0 stars 0 forks source link

Repeated lookup task in SEAMSDense #6

Closed jacobrh91 closed 6 years ago

jacobrh91 commented 6 years ago

While testing, Jacob noticed that most tasks listed in the Spark GUI were calls to the lookup function at SEAMSDense.scala line 149.

This is a lookup in an RDD to to gather information about the SNPs that were previously included in the model. It searches a key-value RDD, and then takes the first value because we have additional knowledge that the key is only present once.

This call is called over and over again during execution, and takes 0.1 s every time.

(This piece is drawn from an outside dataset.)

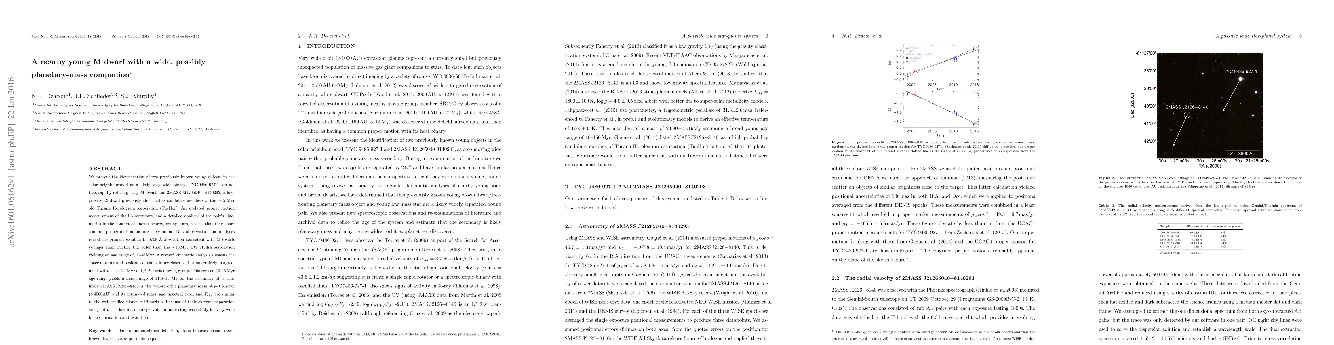 This paper identifies two young M and L dwarfs, TYC 9486-927-1 and 2MASS J21265040-8140293, as a likely wide binary system. The L3 dwarf companion, with an estimated mass of 11.6-15 M$_J$, is the widest known planetary-mass object at over 4500 AU, offering insights into very wide binary formation and evolution.

These calls add up, and probably has a substantial impact on the final walltime.


Investigate whether a more efficient alternative exists, where we don't have to repeatedly search the full RDD for this information.

jacobrh91 commented 6 years ago

Update: during my testing on distributed Spark on iForge, this call to the lookup function appears to take 10 to 15 seconds every time (!!!!!). This has slowed things down tremendously.

jacobrh91 commented 6 years ago

lookupfunction This was on Aug27th (Another user of the cluster was running a program that tends to overwhelm the file system (MAKER), and this may have caused the problem.

jacobrh91 commented 6 years ago

lookupfunction_smooth The next day, Aug. 28th it appeared to run more smoothly. But soon the lookup function once again slowed down to 10 to 15 seconds. The same MAKER program that was running yesterday is still running. I should wait until its not before testing again.

jacobrh91 commented 6 years ago

This was fixed in PR #13